DUBAI: La BBC World Service organisera le 10 juin à Marrakech une édition spéciale de son émission de débat international BBC World Questions, centrée sur la place des femmes dans une société en pleine évolution.

À l’heure où une nouvelle génération porte des revendications en faveur du changement, les questions liées aux droits des femmes, à la foi et à la réforme du droit de la famille occupent une place croissante dans le débat public. Cette émission entend donner la parole aux jeunes Marocaines et mettre en lumière leurs aspirations, leurs préoccupations et leur vision de l’avenir.

Animée par le journaliste Jonny Dymond, l’émission réunira un panel de personnalités engagées dans les questions d’égalité et de participation des femmes à la vie publique. Parmi les intervenantes figurent la rappeuse et chanteuse Frizzy, connue pour son implication dans la campagne pour l’égalité des femmes « The Time Has Come », Meryem Redouane, responsable de la section féminine de la Fédération islamique internationale des organisations étudiantes (IIFSO), Kaoutar Rias, étudiante à l’École nationale d’architecture de Tétouan et membre du Conseil national du renouveau étudiant (OREMA), ainsi que Yousra Salhi, créatrice de contenu numérique féministe et militante pour les droits des femmes.

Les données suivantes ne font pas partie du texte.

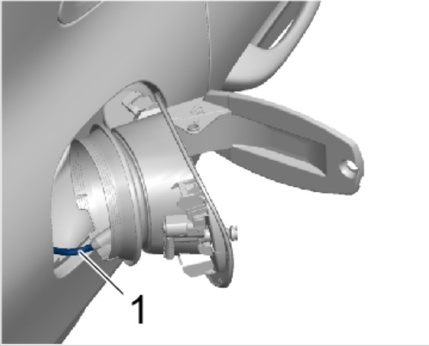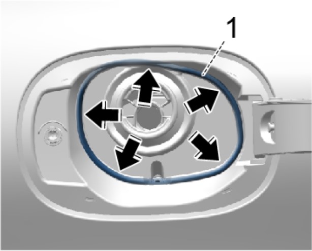 6 Выровняйте корпус люка топливного бака так, чтобы резиновая кромка -1- охватывала корпус люка топливного бака снаружи -стрелки- .

Les discussions porteront notamment sur le mariage des mineures, la polygamie, les règles d’héritage, le harcèlement sexuel, ainsi que les questions de liberté individuelle et de pudeur. Fidèle au format de BBC World Questions, le public présent jouera un rôle central en posant directement ses questions aux intervenantes.

Gwenan Roberts, responsable des commandes éditoriales au BBC World Service, s’est félicitée de la tenue de cette édition à Marrakech. « Nous sommes ravis de venir à Marrakech et impatients d’entendre directement notre panel et notre public sur la manière dont les femmes marocaines perçoivent leur place dans la société et les évolutions culturelles en cours », a-t-elle déclaré.

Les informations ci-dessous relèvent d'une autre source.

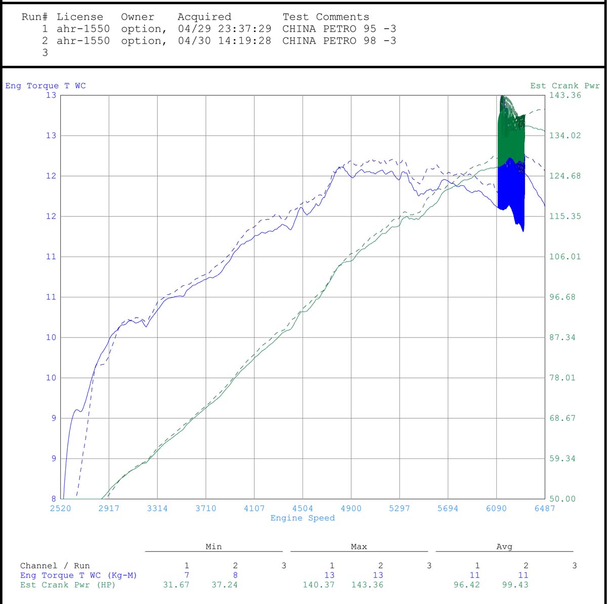 汽油馬力測試-中油95 vs.中油98自然進氣組(Part.3)
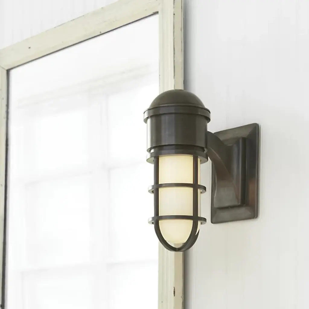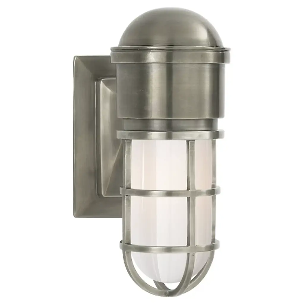 Visual Comfort Signature, formerly known as Visual Comfort,'s Marine Wall Sconce blends industrial and contemporary to create a sleek and iconic wall light. This damp rated darling has a metallic finish that gives off a subtle sparkle. The Marine Wall Sconce features a White glass shade that diffuses light and offers a nice glow to outdoor areas.
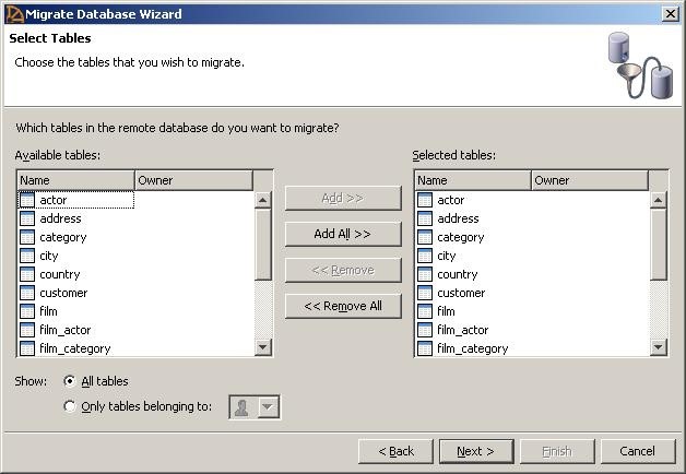 步骤11:在“选择表”屏幕中,从“sakila要移动的左侧列表框中的'数据库'。选中表后,单击Add All,然后下一个.

L’événement se tiendra au centre Les Étoiles de Jemaa el-Fna à Marrakech et est organisé en partenariat avec BBC News Arabic et la Fondation Ali Zaoua. L’enregistrement sera diffusé à l’échelle mondiale à la radio, à la télévision et sur les plateformes numériques de la BBC.

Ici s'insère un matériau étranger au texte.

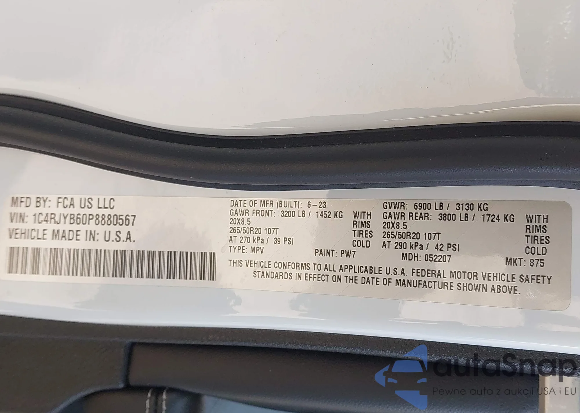 • VIN 1C4RJYB60P8880567

Pour Gwenan Roberts, rédactrice en chef des commandes à BBC World Service, cette édition représente une occasion unique d’entendre directement les jeunes Marocaines sur leur place dans la société et sur les transformations culturelles qui traversent actuellement le pays.

L’émission sera diffusée pour la première fois sur BBC World Service Radio le 13 juin avant d’être mise à disposition en ligne, sur BBC Sounds et sur les principales plateformes de podcasts. Une version télévisée sera également proposée à partir du 20 juin sur les chaînes et plateformes numériques de la BBC.